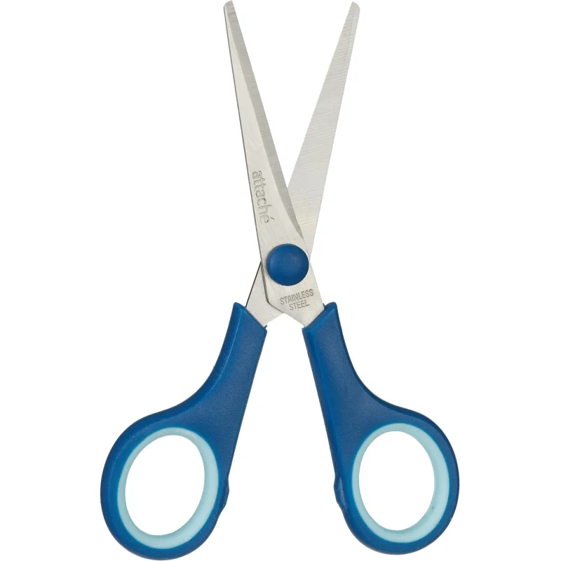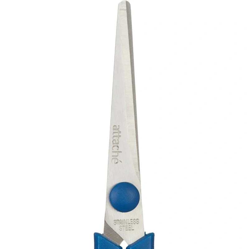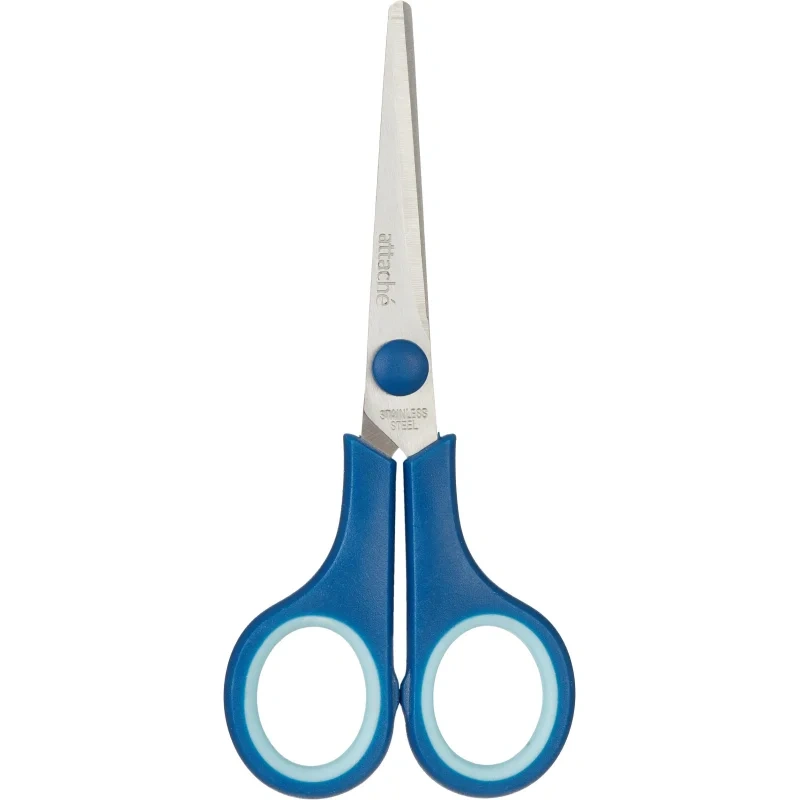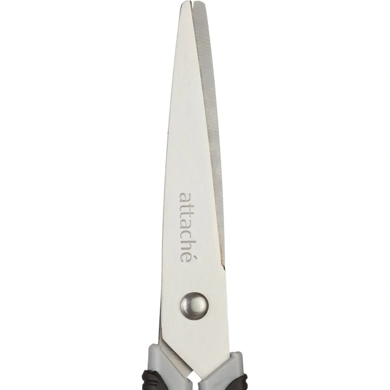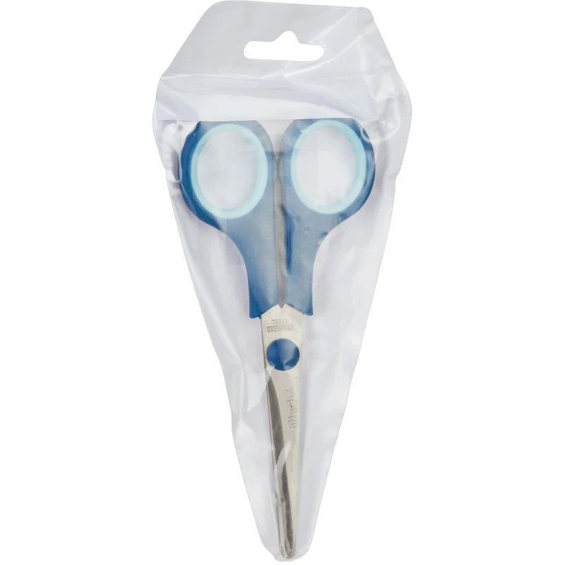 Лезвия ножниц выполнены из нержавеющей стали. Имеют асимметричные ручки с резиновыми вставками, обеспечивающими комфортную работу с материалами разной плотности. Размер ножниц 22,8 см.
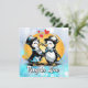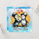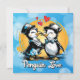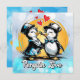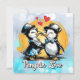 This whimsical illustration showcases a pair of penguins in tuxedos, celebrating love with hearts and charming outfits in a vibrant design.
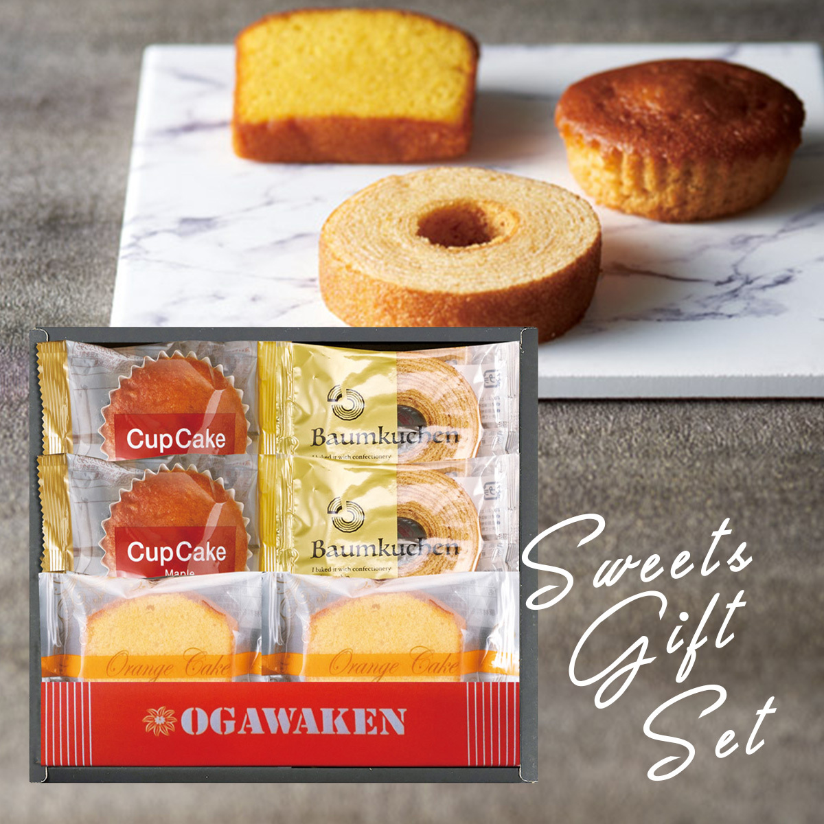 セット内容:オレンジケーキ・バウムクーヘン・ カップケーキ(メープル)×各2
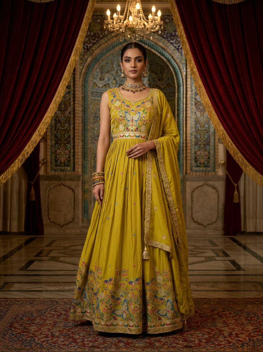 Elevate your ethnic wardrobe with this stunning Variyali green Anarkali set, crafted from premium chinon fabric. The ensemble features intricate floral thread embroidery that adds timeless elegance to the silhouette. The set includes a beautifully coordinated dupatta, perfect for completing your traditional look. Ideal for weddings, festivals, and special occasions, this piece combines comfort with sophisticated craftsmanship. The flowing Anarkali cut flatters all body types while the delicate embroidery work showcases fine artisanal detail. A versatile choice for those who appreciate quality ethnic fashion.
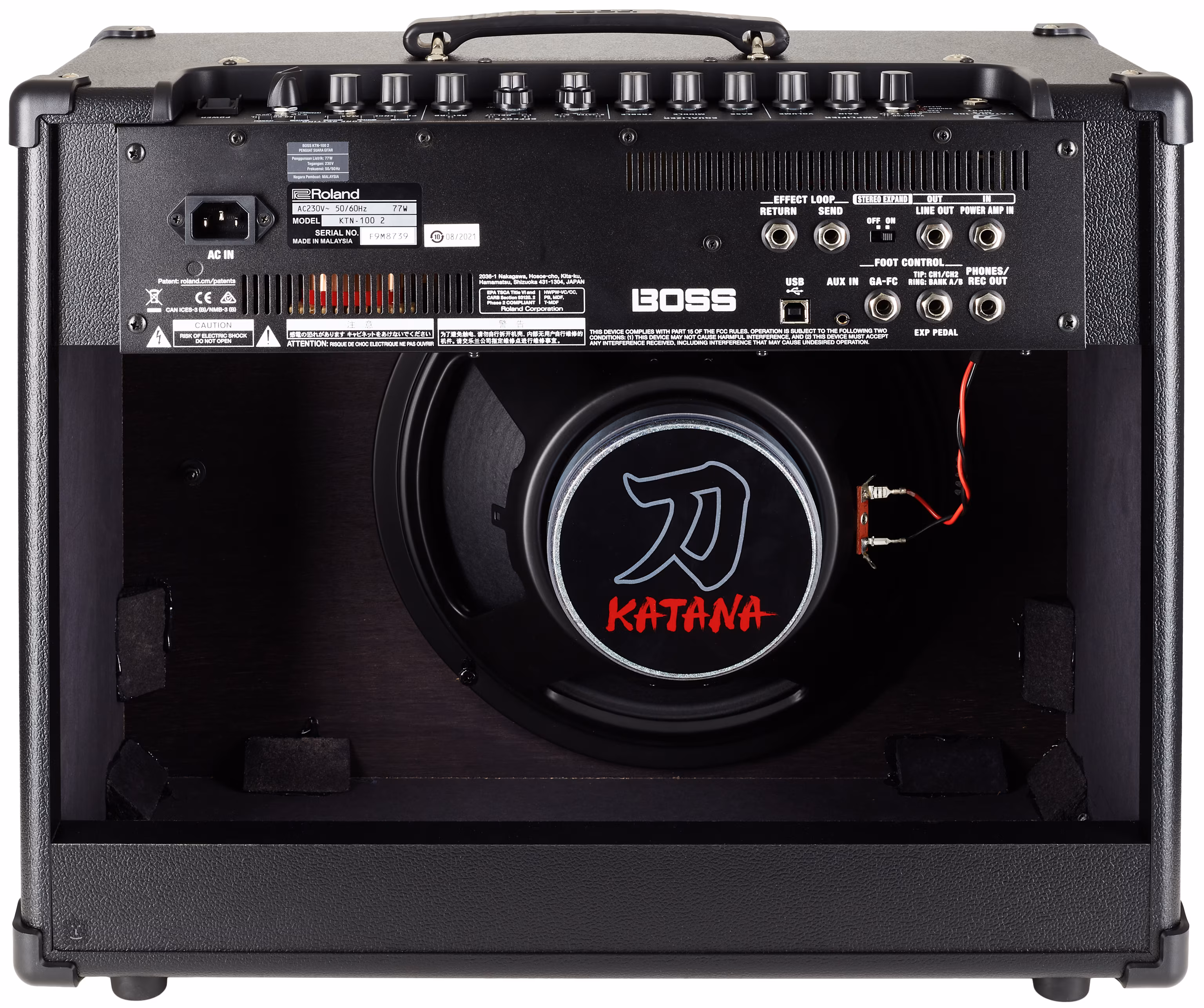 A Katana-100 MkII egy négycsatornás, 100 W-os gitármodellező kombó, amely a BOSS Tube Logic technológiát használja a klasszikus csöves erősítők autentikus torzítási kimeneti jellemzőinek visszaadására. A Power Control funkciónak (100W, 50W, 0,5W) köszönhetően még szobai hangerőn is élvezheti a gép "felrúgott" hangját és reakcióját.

● **DIRECTIONS**
Pictures excluded, reproduce only the part above that opens with the line holding "This whimsical illustration" and closes with the line holding "セット内容:オレンジケーキ・バウムクーヘン・ カップケーキ(メープル)×各2", exactly as written.

● **THE ANSWER**
 This whimsical illustration showcases a pair of penguins in tuxedos, celebrating love with hearts and charming outfits in a vibrant design.
 セット内容:オレンジケーキ・バウムクーヘン・ カップケーキ(メープル)×各2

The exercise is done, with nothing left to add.